Student Learning
I will:
- Develop a story about the importance of water to Indigenous life
- Explain why water forms would not be a part of the Peace and Friendship treaties
- Role play whether or not to build a dam in a community
- Illustrate a Keluwoskap story
- Examine the impact of development decisions on the environment
Importance of Water
Water is one of the sacred elements of Indigenous cultures. It has always been regarded as something to be shared and not owned. Wolastoqey and Passamoquoddy flags demonstrate its importance even today.
In the often-dense woods which are New Brunswick, water was the highway for Indigenous people. People had to learn great skill in navigating while canoeing over rocks on fast flowing rivers or dealing with wind on the sea.
Recognizing the importance and generosity of Mother Earth, Indigenous people used water with great reverence. Near water, wildlife was taken for clothing, tools, jewellery and food. The forest and plant life which also depended on water offered food, shelter, warmth and medicine.
Water served many purposes.
It was used for transportation, in remedies, in ceremonies, and for bathing, cooking and recreation. It also provided a way to make wood pliable and to construct toboggans, canoes, snowshoes, and baskets and to make leather supple for clothing. Women used water to soften porcupine quills so they could decorate clothing, pouches and quivers. The symbols created on these articles were important symbols for demonstrating aspects of culture.
By being immersed in water, thin strips of wood could be bent without breaking. Once the wood for a snowshoe frame was bent to a proper curve, it was bound together with spruce roots or rawhide. Water was necessary to mix with herbs such as Labrador tea, cedar, burdock and wintergreen to make a liquid that became a remedy for sickness.

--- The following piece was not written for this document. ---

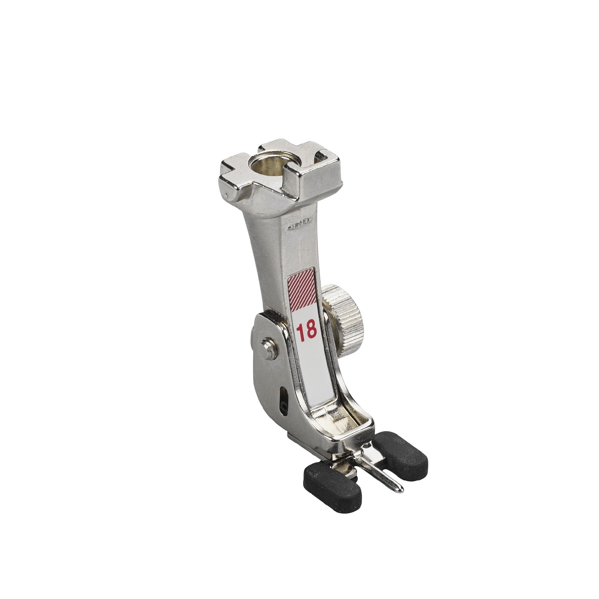 This presser foot helps you sew on buttons and hooks. The rubberised sole holds the button firmly in the right place whilst it is being sewn on. The height of the neck can be flexibly adjusted via the middle toe, depending on the fabric thickness
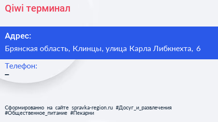 Qiwi, терминал по адресу Брянская область, Клинцы, улица Карла Либкнехта, 6 в дальнейшем Организация, размещена в следующих категориях:

Mi’kmaq, Passamoquoddy (Peskotomuhkati) and Wolastoqewyik looked upon water as a vital, living element in their environment. It was used as the transportation web as people followed the cycle of the seasons and changed their home base frequently. Indigenous people did most of their hunting in the winter in the shelter of the forest and they fished in the summer along the coast. They knew many ways of hunting and fishing, varying their methods with the seasons and habits of the birds, animals and fish often using water as a way to do this successfully. Salmon and trout were speared at night by torch light in the pools where they had rested after jumping over waterfalls. Sturgeon and bass were taken by harpoons and lances from the sides of the canoe as they circled in the rim of the light supplied by torches. To catch eels, a small bag was placed in the opening of a wooden fence built across a river where it was narrowest. In the winter, Indigenous people looked for the breath of bears in hollows in trees. They drew them out by mounting the trees and using spears. Beavers were hunted by breaking down their houses and were caught with spears while they were fleeing. Moose were taken by ambush or with dogs through the deep snow until they were fatigued. Indigenous people knew a call for every animal – a snort for a stag; a hiss for a beaver. This is evident in the number of oral histories and sacred stories they told.
While access to water was vital to protecting Indigenous ways of living, the access to use of water was not covered in the Peace and Friendship Treaties.